Symptom	Likely cause
Server starts but binds to loopback only	No `api_key` and no `allow_unauthenticated=True`. Pick one.
Browser SSE drops every 30 seconds	Reverse-proxy idle timeout. Bump `proxy_read_timeout` in nginx / `idle_timeout` on the LB, or have the agent send heartbeats every ~25s.
Threads don't persist across restarts	`FileCheckpointer` writes to disk in the working directory — ephemeral container filesystems lose it. Mount a volume or move to `OCIBucketBackend`.

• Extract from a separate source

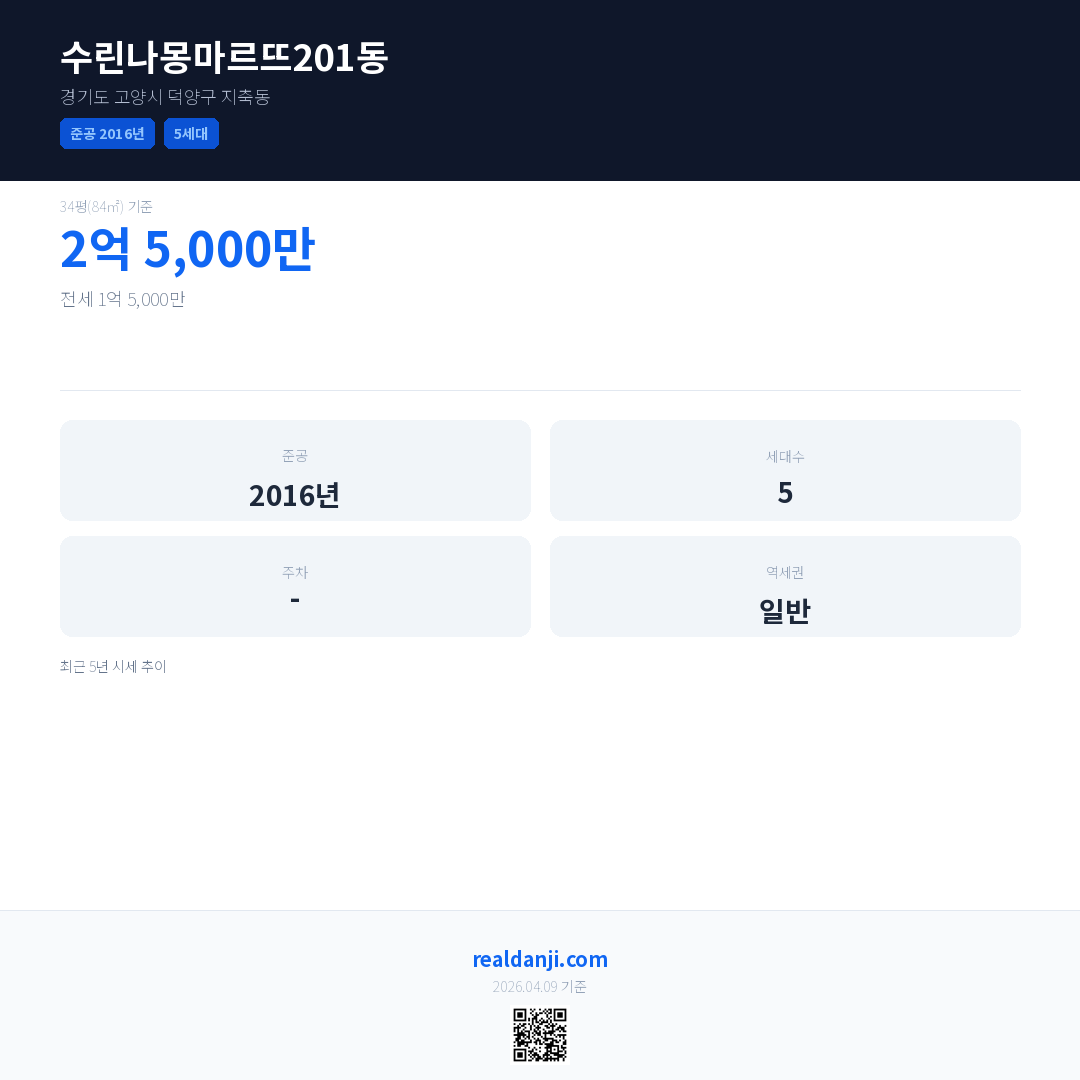수린나몽마르뜨201동은(는) 2016년에 준공되었으며, 현재 10년차입니다. 총 5세대 규모입니다.
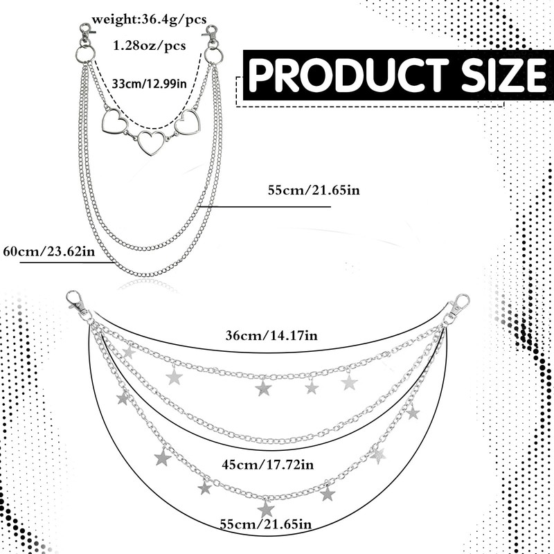 - Variety Styles: 2 Pants Chains, Stars and Hearts, which is perfect for complementing your everyday outfits.

`/threads/{tid}` 404s for the right tid	Thread IDs are scoped to the principal — `<principal>:<tid>` is what's stored. The path you pass is your tid; the server prefixes.

Source and tutorial¶

tutorial_28_agent_server.py — runnable wrapper plus a curl client.
locus.server — AgentServer, InvokeRequest, InvokeResponse.